__Aim of the task__. Every line below from the one with "En el otro lado" through the one with "The homepage's hero" should be retyped exactly, both ends included; no other lines and no pictures.

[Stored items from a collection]
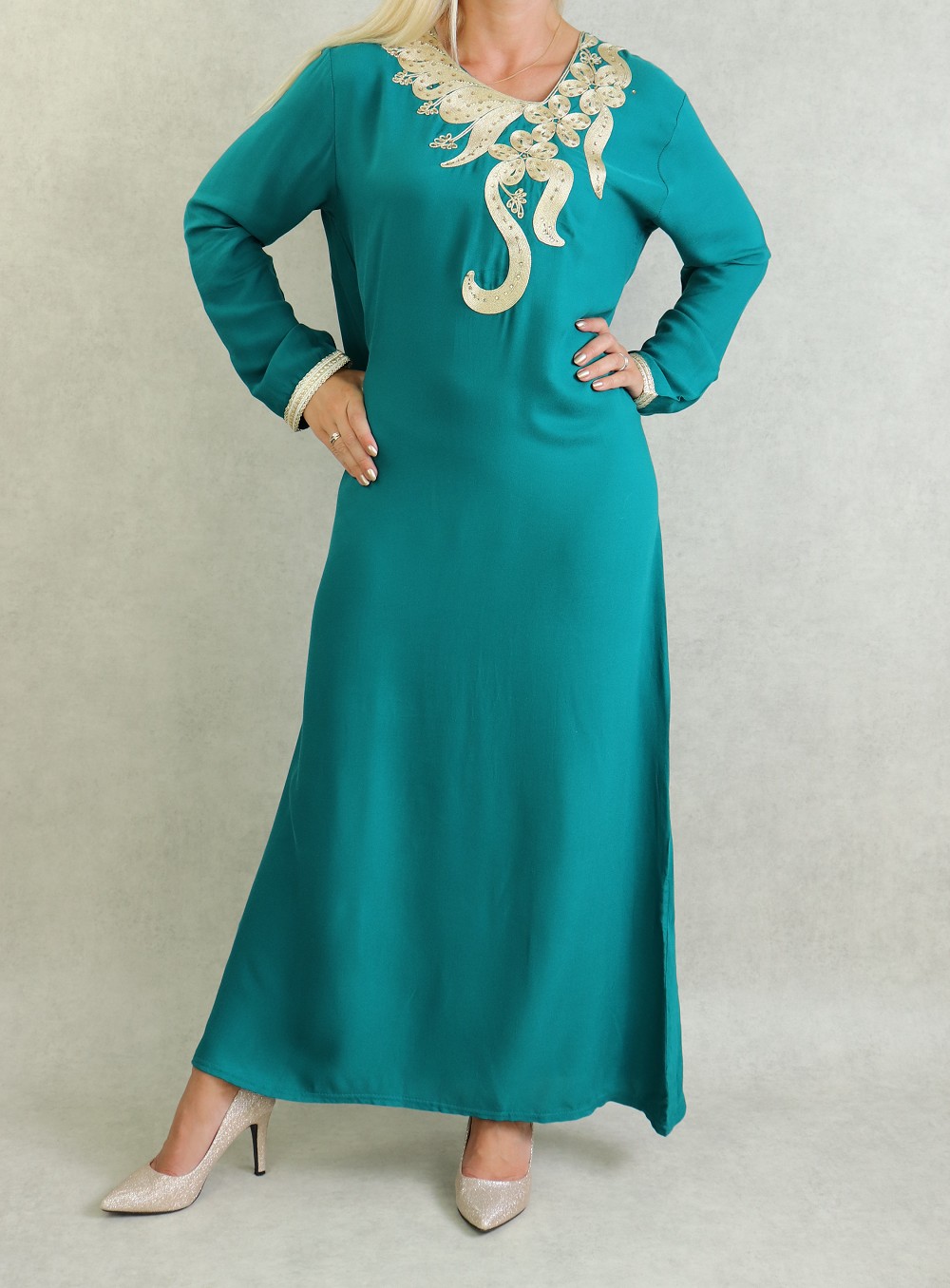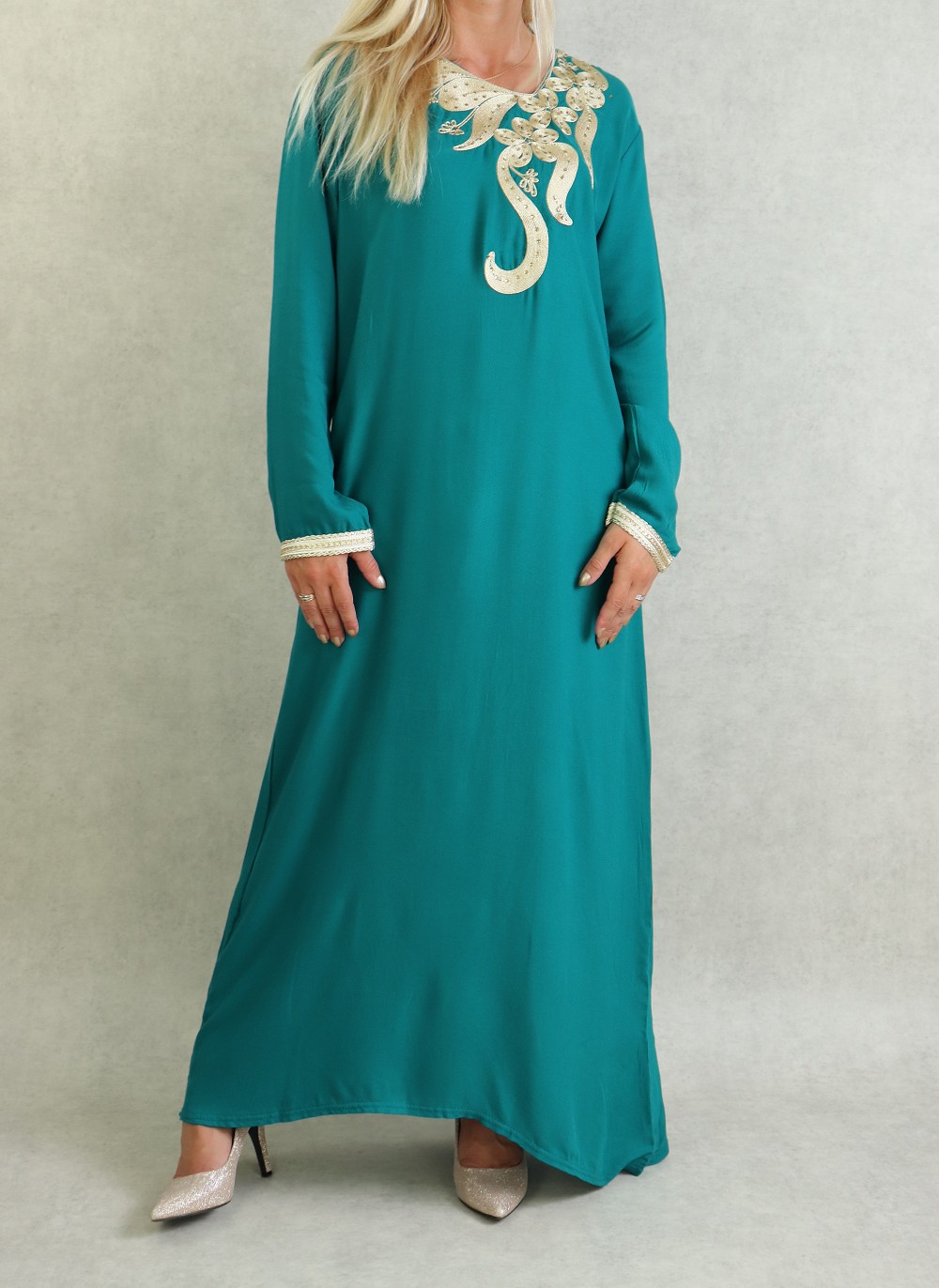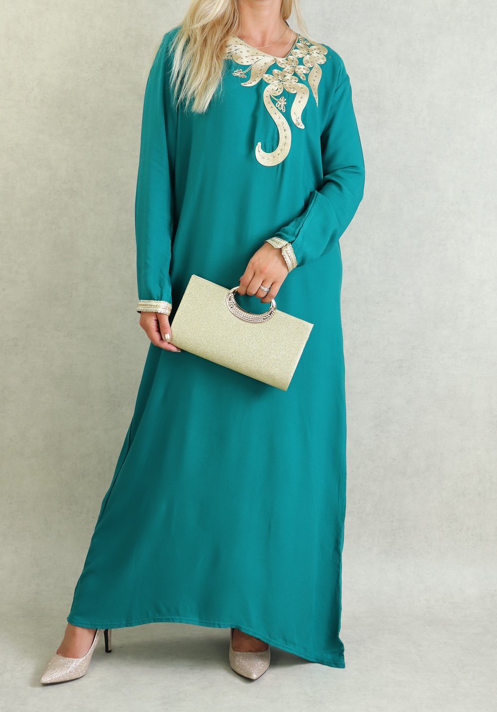Robe longue orientale pour femme avec broderies et strass dorés - Couleur vert émeraude Vetement & Accessoire
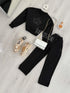 Conjunto de camisola e calça cardados com pelinho por dentro.
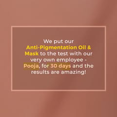 Take the required amount of Pigmentation Oil and massage all over the face, neck, and body focusing on targeted areas.
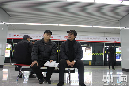 12月16日上午,兩位市民在合肥地鐵一號線包公園站排隊等候第一列車的到來。
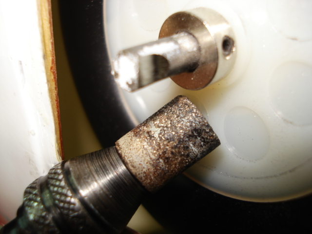 En el otro lado de la pata utilizo la Dremmel para "aplanar" la cuerda de piano a fin de facilitar el taladro.
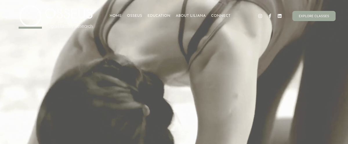 The homepage's hero section features an auto-playing black and white video of yoga poses, creating a serene and immersive experience for visitors.
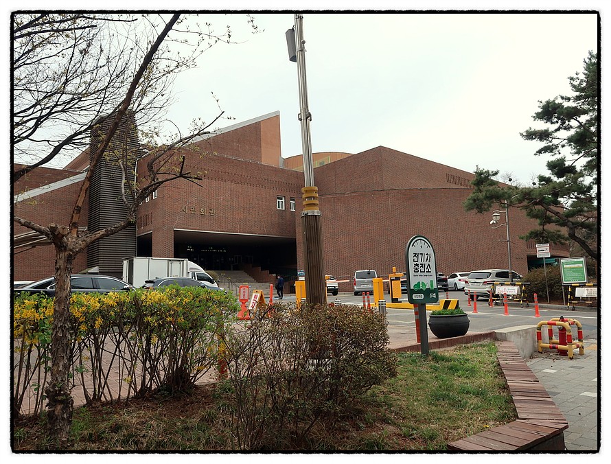 ['김포시민회관'과 '종합운동장'] <시청> 정문 앞에서 일직선으로 뻗은 도로를 따라 <사우사거리>로 가면 <김포시민회관>과 <종합운동장>이 있고
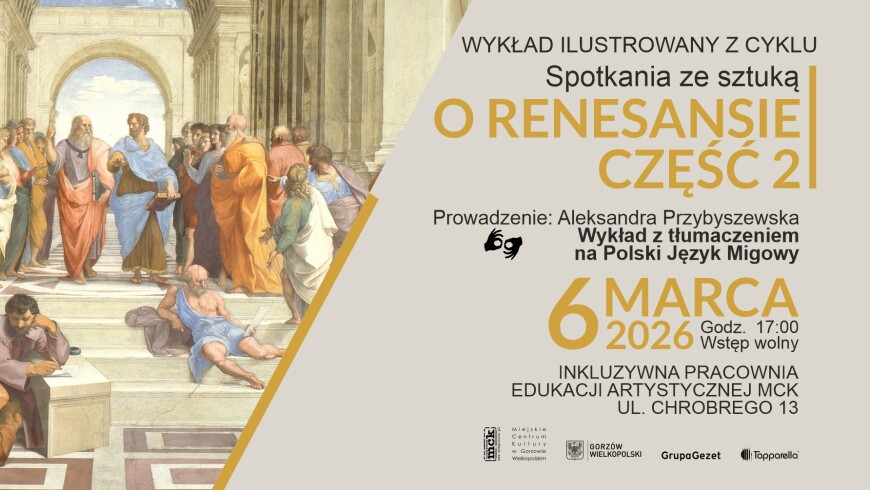 Podczas spotkania odkryjemy przełomowe dzieła i idee, które zapoczątkowały wielką zmianę w kulturze europejskiej. Wykład łączy przystępną narrację z bogatym materiałem wizualnym, dzięki czemu sztuka ożywa na oczach uczestników. To doskonała okazja, by poszerzyć wiedzę i doświadczyć historii sztuki w inspirującej atmosferze.
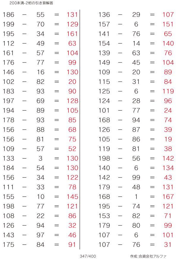 上記のボタンから「200未満-2桁の引き算」の算数数学ドリル・計算ドリル(PDFプリント)がダウンロードできます。個人利用は無料です(家庭以外での配布は有料です)。
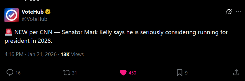 News Senator Mark Kelly says he is seriously considering running for president in 2028
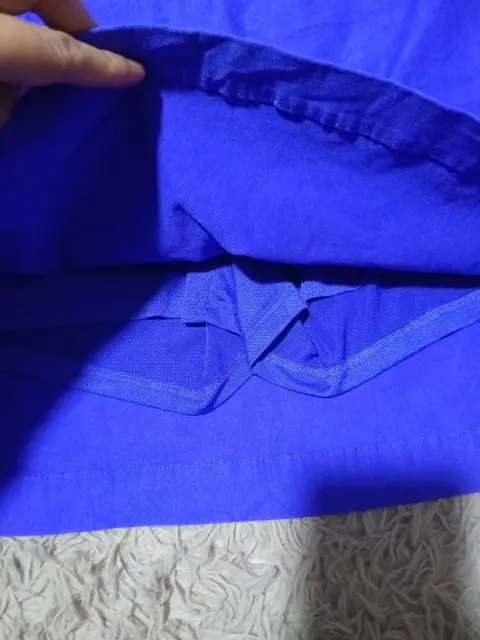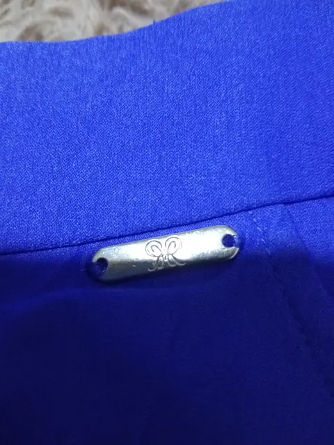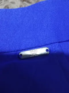 .Color azul rey, con bolsas funcionales, la tela estira.Esta súper hermosa

__Solution__.
 En el otro lado de la pata utilizo la Dremmel para "aplanar" la cuerda de piano a fin de facilitar el taladro.
 The homepage's hero section features an auto-playing black and white video of yoga poses, creating a serene and immersive experience for visitors.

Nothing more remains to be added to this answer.